_PROBLEM DETAILS:_ When you reach the line that contains "白铜镀银新中式唐草纹宝相花描金珐琅彩国风民族风招财纳福镯子", begin copying exactly, and continue through the last line of the data; no pictures belong in the copy.

++++++++

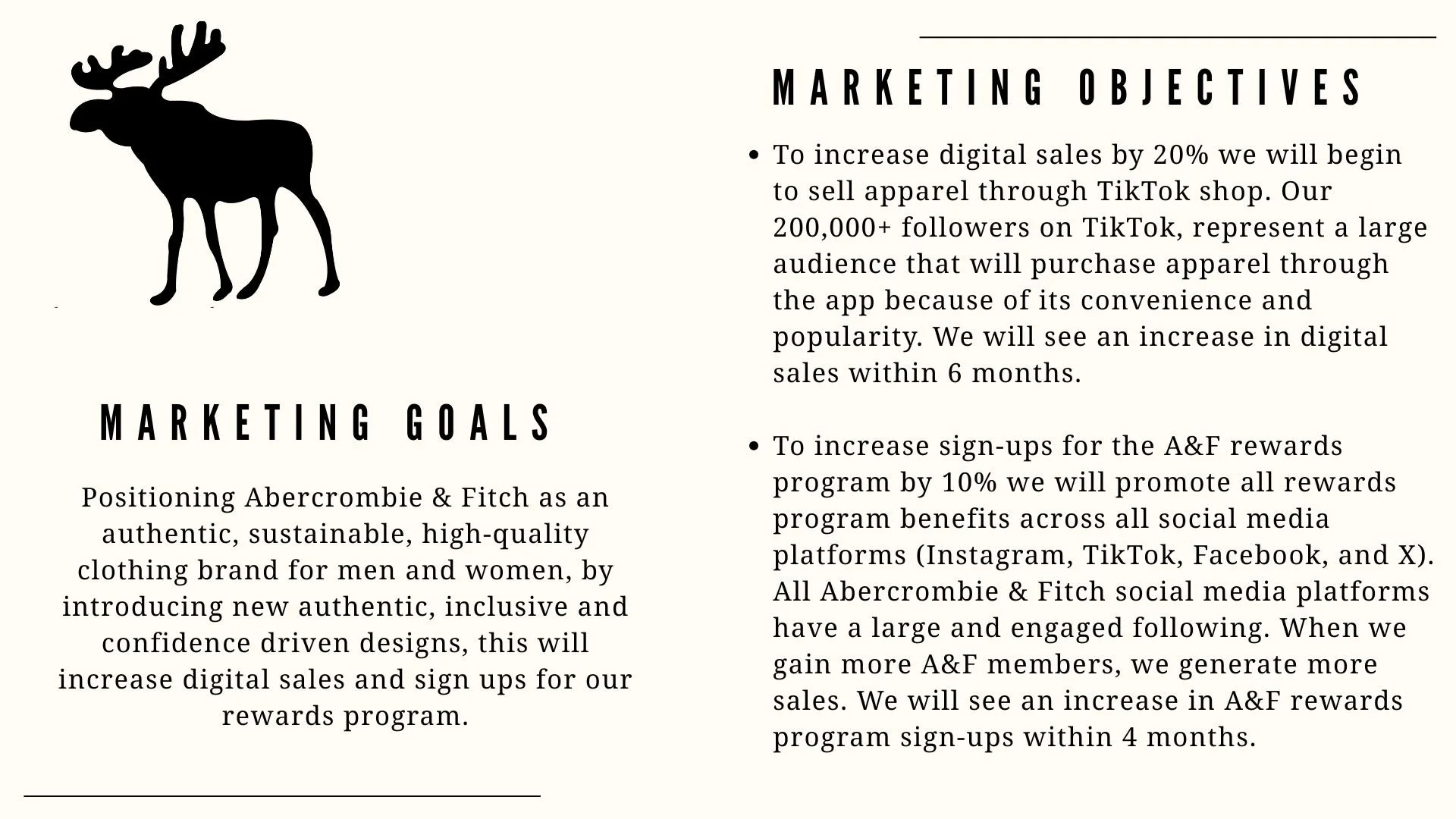 I developed a marketing plan for Abercrombie & Fitch which focused on increasing digital sales by launching the brand on TikTok shop, strengthening brand engagement through TikTok campaigns, and promoting the A&F rewards program to increase sales, brand awareness, and customer satisfaction.
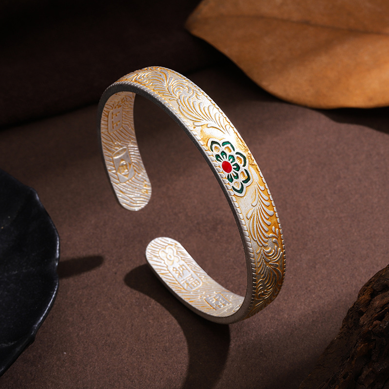 白铜镀银新中式唐草纹宝相花描金珐琅彩国风民族风招财纳福镯子
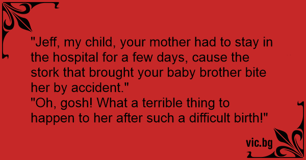 "Jeff, my child, your mother had to stay in the hospital for a few days, cause the stork that brought your baby brother bite her by accident."
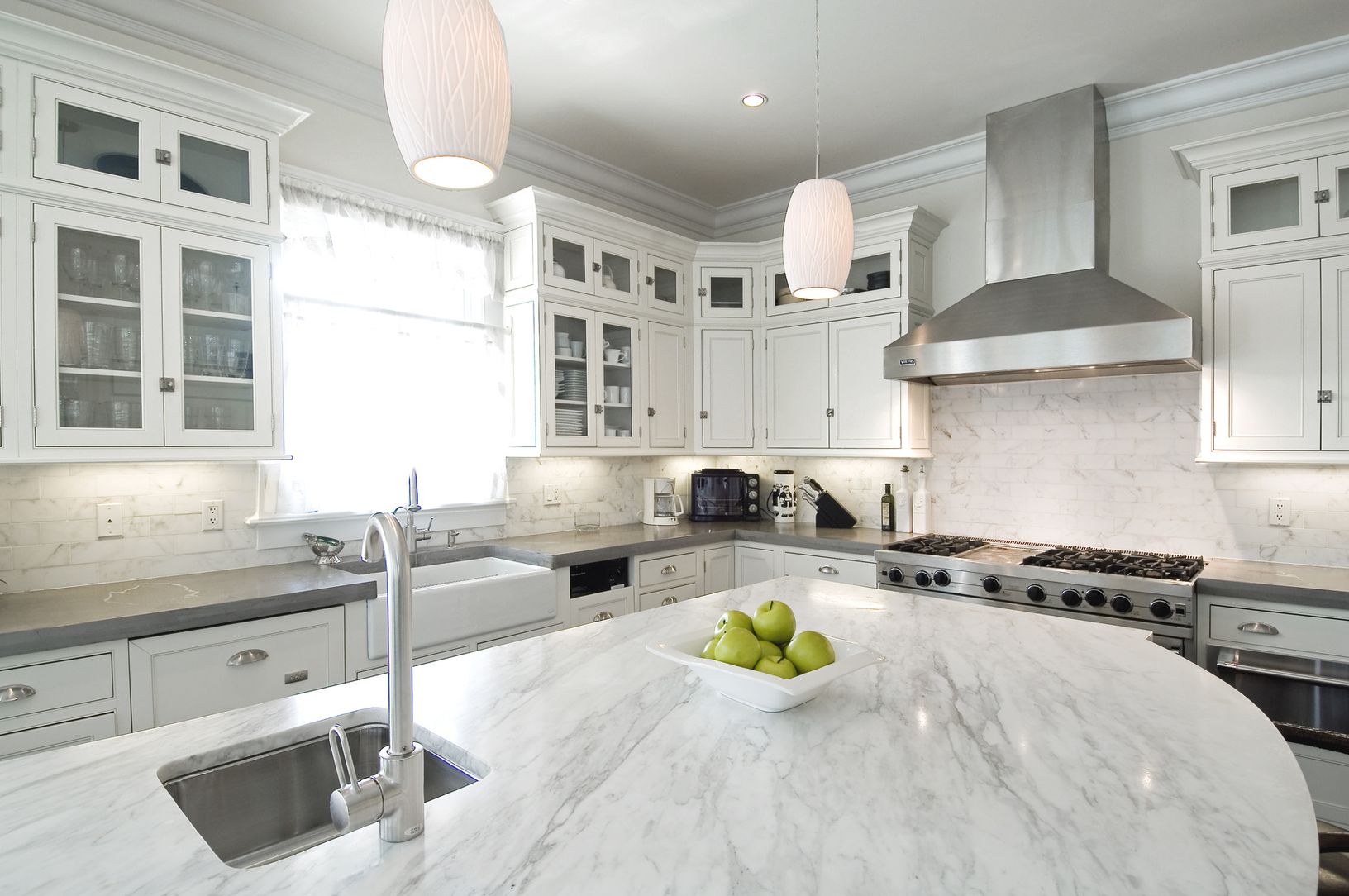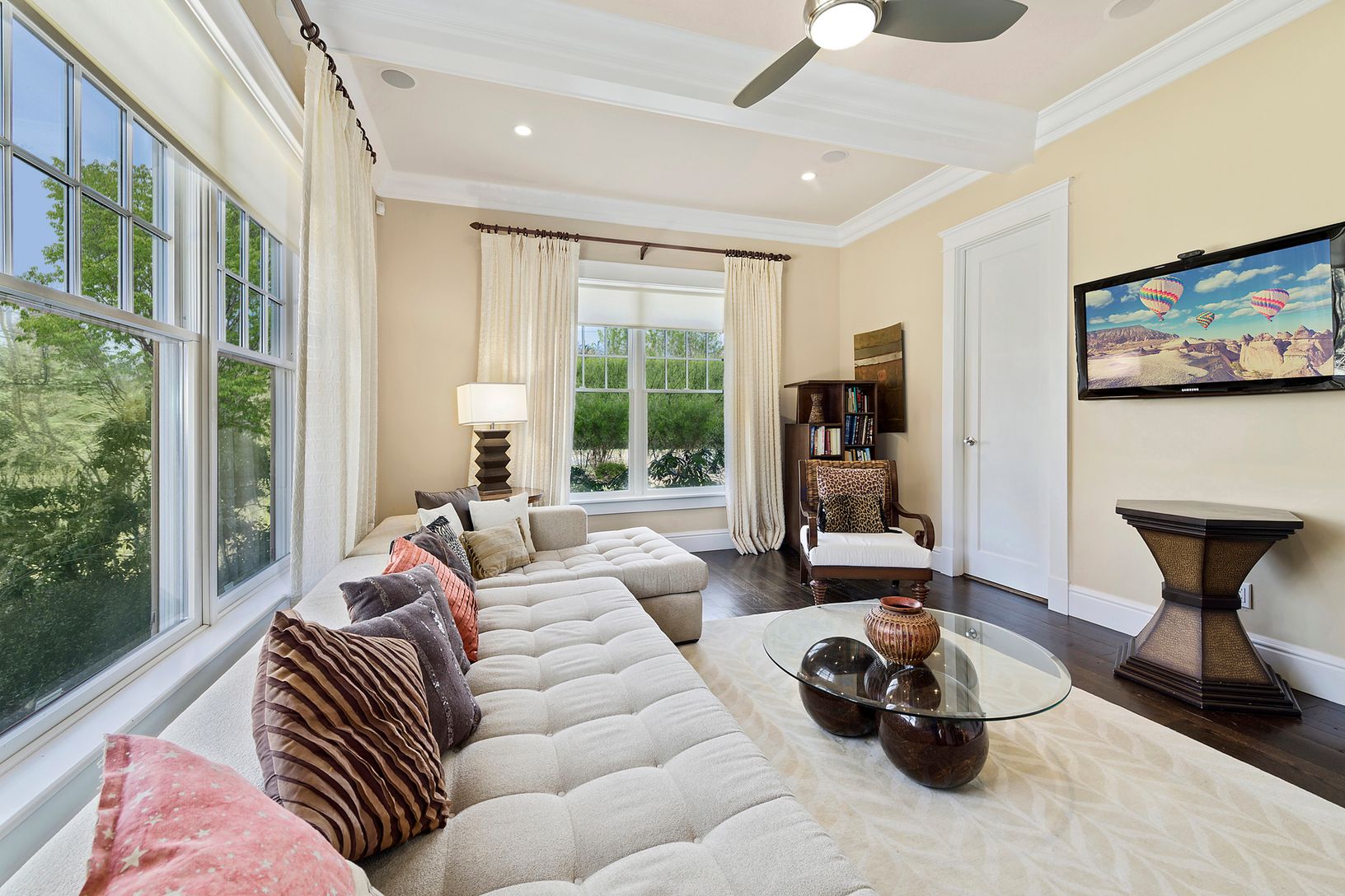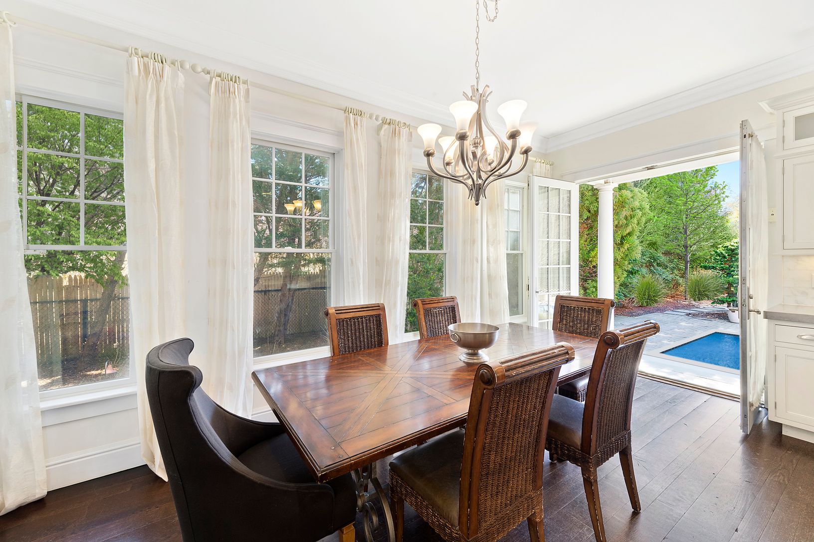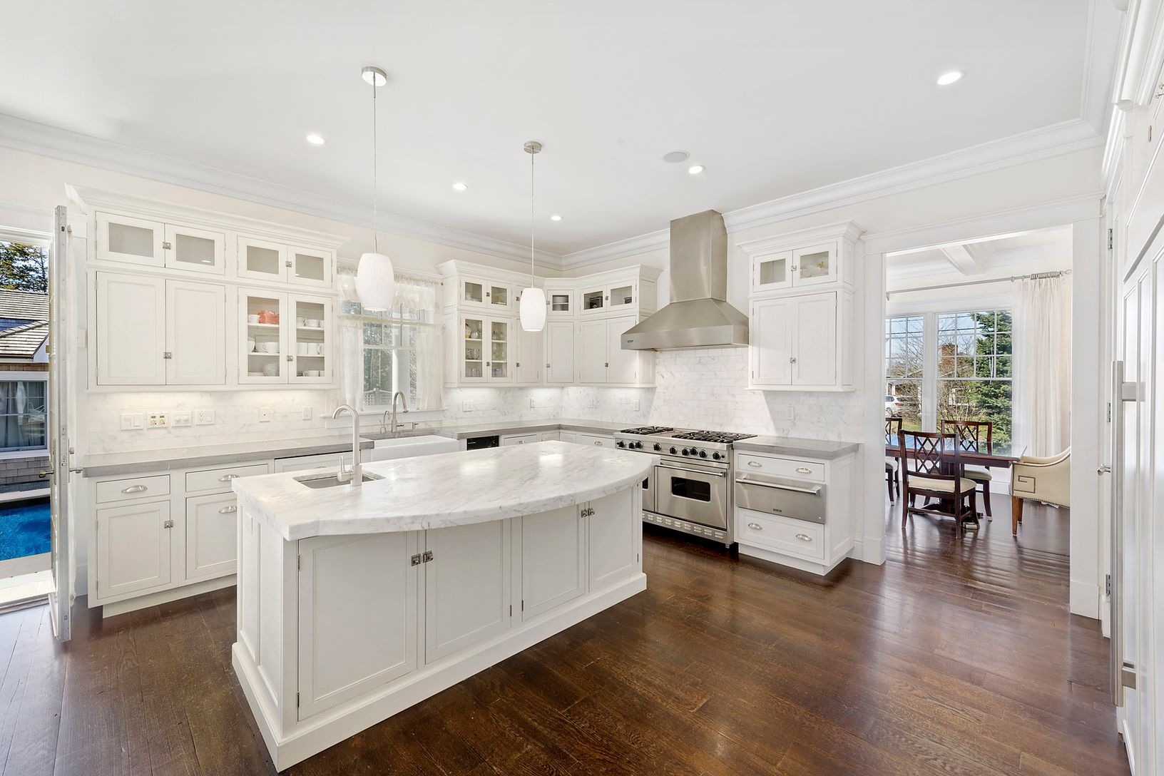 The only way to describe this 4,400-sq.-ft. home is elegance personified. Large living room with stone fireplace and French doors, formal dining room, media room, gourmet eat-in-kitchen with top-of-the-line appliances and marble topped center island. Five bedrooms including first-floor guest bedroom, large second-floor master with fireplace and study, and five and a half baths. In addition there is central air, separate garage, pool house, 12'
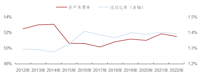 图:上市国企资产负债率和流动比率中位值
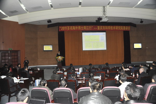 12月16日,由市委人才办、市科协、市人力社保局、市外办与我院联合举办的“2011百名海外博士两江行”重科院恳谈对接会在院学术报告厅隆重举行。此次恳谈对接会是“2011百名海外博士两江行”重大活动之一,共邀请来自美国麻省理工、英国剑桥、美国IT金融集团、IBM研究院总部等高校、企业的100余名博士参加会议。院党委书记皮晓青,副院长贾渝跃、刘斌,纪委书记李雷霆,以及院组织人事处、科研管理处、新材料中心等相关处室、中心和院所的负责同志接待了来宾。海外博士一行实地考察和参观了院光机所、硅酸盐所、自动化所、技术评估与转移服务中心及科技成果展示厅,并参加了恳谈对接会。

++++++++

_YOUR RESPONSE:_
 白铜镀银新中式唐草纹宝相花描金珐琅彩国风民族风招财纳福镯子
 "Jeff, my child, your mother had to stay in the hospital for a few days, cause the stork that brought your baby brother bite her by accident."
 The only way to describe this 4,400-sq.-ft. home is elegance personified. Large living room with stone fireplace and French doors, formal dining room, media room, gourmet eat-in-kitchen with top-of-the-line appliances and marble topped center island. Five bedrooms including first-floor guest bedroom, large second-floor master with fireplace and study, and five and a half baths. In addition there is central air, separate garage, pool house, 12'
 图:上市国企资产负债率和流动比率中位值
 12月16日,由市委人才办、市科协、市人力社保局、市外办与我院联合举办的“2011百名海外博士两江行”重科院恳谈对接会在院学术报告厅隆重举行。此次恳谈对接会是“2011百名海外博士两江行”重大活动之一,共邀请来自美国麻省理工、英国剑桥、美国IT金融集团、IBM研究院总部等高校、企业的100余名博士参加会议。院党委书记皮晓青,副院长贾渝跃、刘斌,纪委书记李雷霆,以及院组织人事处、科研管理处、新材料中心等相关处室、中心和院所的负责同志接待了来宾。海外博士一行实地考察和参观了院光机所、硅酸盐所、自动化所、技术评估与转移服务中心及科技成果展示厅,并参加了恳谈对接会。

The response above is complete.